Although parents are expected to take care of their kids regardless of how tired they are and how busy life simply is, I give points to Roman for accompanying us to the hospital and offering to shoulder his check up and his medicine inspite of losing in poker and not having slept almost 24 hours. I should be quip to say that he ought to do that but for a “new” parent it seems surreal to have him around helping me today. For that, clap clap clap.
DAY 28 (November 4)
Mio’s still sick and I’m worried to death. I’m taking him tomorrow to the hospital for a blood test and Roman is quite concerned too. In relation to this blog that ends in 2 days, that’s quite an accomplishment and I’d have to say I never lifted a finger for him to reach this point. I had a rough month worrying about it but Roman seems to be on top of his game more than I am. It doesn’t help that although I manage to squeeze in midnight snack with a 40something guy who seems fond of me, I can’t seem to find it in my heart to adore him as much. I don’t know which I should be worried about: dumping the 40something guy per se or the reasons why I feel that way. No connection to this. I insist.
DAY 29 (November 5)
Roman picks us up after his work and we go straight to the hospital for Mio’s blood test. I was a bit relieved that finally, I am doing this with someone with me. Its hard to wait for someone to inflict pain on your son. Knowing someone’s there to share it with me at least in theory comforts me.

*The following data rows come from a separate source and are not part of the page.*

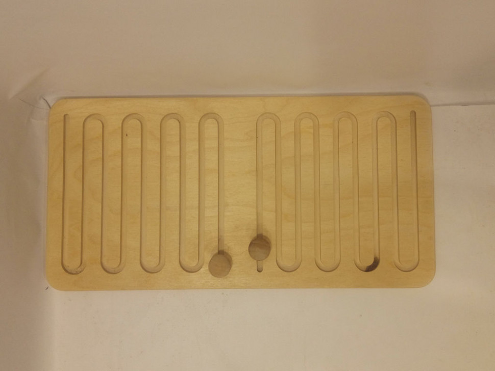 Выполняя упражнение одновременно обеими руками можно добиться синхронной работы обоих полушарий мозга. При такой работе левого и правого полушарий улучшается эффективность работы всего мозга, развивается восприятие, долгосрочная память, координация движения рук, мелкая моторика, облегчается процесс чтения и письма. Ребёнок берет бегунок и вставляет его в начало лабиринта, проходит весь лабиринт сначала только правой рукой, затем только левой рукой, после этого двумя руками одновременно. Таким образом в работу включаются оба полушария головного мозга и происходит их синхронизация. Упражнения желательно проводить ежедневно на протяжении минимум 6 недель, по 10-15 минут в день.. Также можно рекомендовать и людям пожилого возраста для поддержания мозговой деятельности. Размер: 50*25 см.
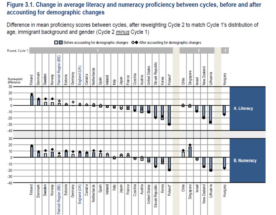 Tolti Finlandia e Danimarca, dove le competenze alfabetiche degli adulti nell’ultimo decennio sono migliorate, negli altri paesi dell’area queste sono rimaste stagnanti o sono declinate. Quanto a quelle numeriche, otto paesi le hanno viste in miglioramento, con sempre la Finlandia e Singapore ad ottenere i piazzamenti migliori.
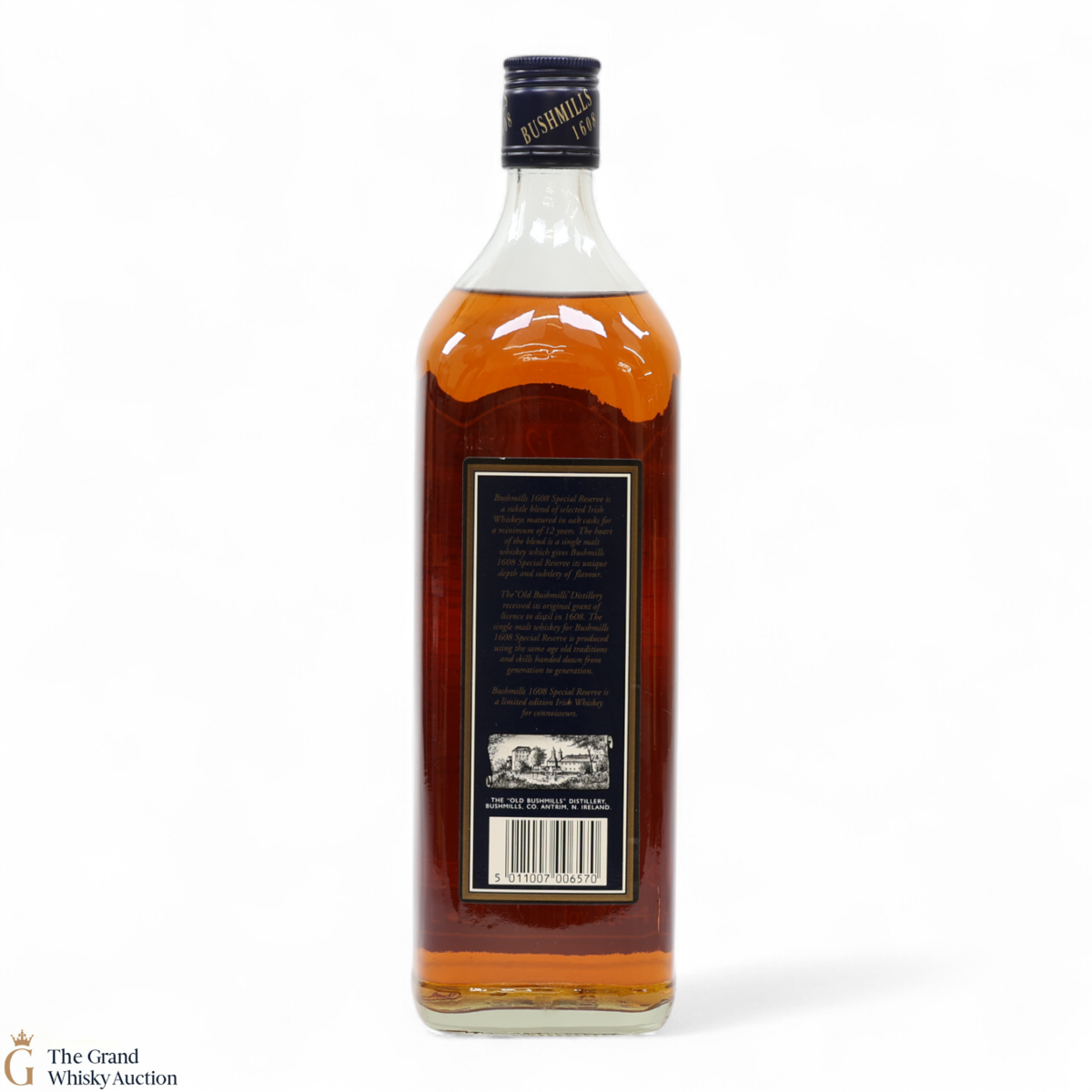 A 1L bottle of Bushmills 1608 Reserve. Made up of bourbon and sherry cask matured malts - and blended with a small amount of grain whiskey.
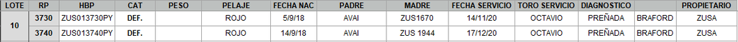 | Estado Repr. | Preñada |
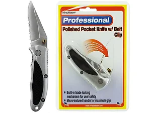 This versatile 5-inch pocket knife features a durable mixed serrated blade, perfect for various cutting tasks. The built-in belt clip allows for easy carry and accessibility, making it an essential tool for everyday use or outdoor adventures.
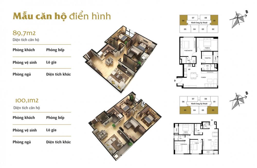 + Căn hộ 03PN: Diện tích từ 84.1 – 114.1 m2
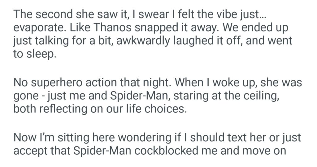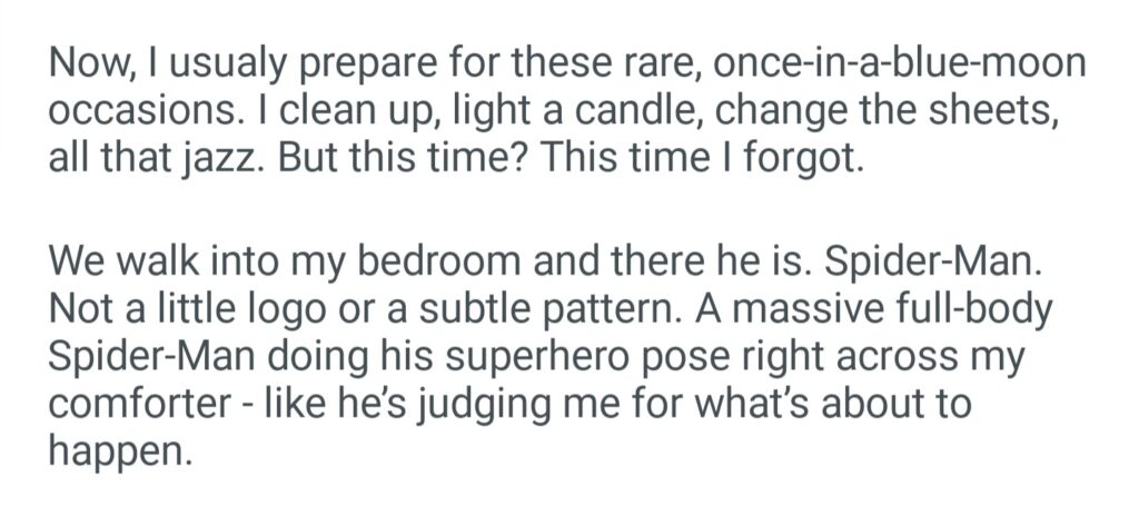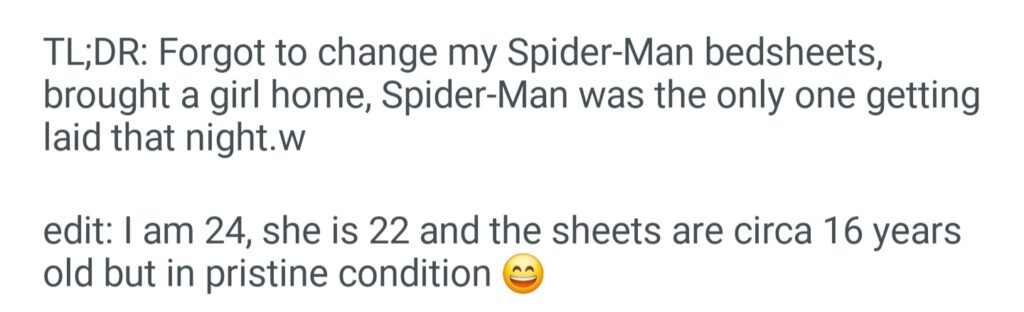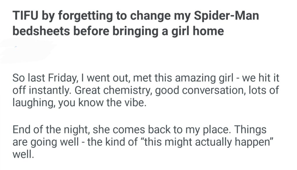 TIFU By Forgetting To Change My Spider Man Bedsheet Before Bringing A Girl Home

Its surreal to find someone sharing methods of how to take care of Mio. I always took offense (taken with a grain of salt of course) when my parents or other people point out what I’m doing wrong or not doing in relation to raising Mio. But his input–whether correct or imposing–the fact that there is, is worth considering. “pinapalaro mo kc kaya nabibinat… dapat tuloy-tuloy ung tempra kahit walang lagnat, di naman mao-overdose yan sa paracetamol…” For the first time, sabi ko, “putek mas marunong ka pa sakin ngayon?” But that is quite impressive, don’t you think?
Today he made me realize that all I asked on the first day was for him to care. And compared to how it was before the first day of the 30 days, he has come a long way. Not much to make up for four years but it is a long way. It might even be enough.
DAY 30 (November 6)
Unfortunately it is not the last day of this blog, as 31 days should be more exact. But as of blog time (November 8, exactly a month since he first came) there is not much going on except for him asking how Mio is getting better every 20 hours. There is no telling how things will be from here on but like what I said on Day 1… I can only hope for the best and expect the worst.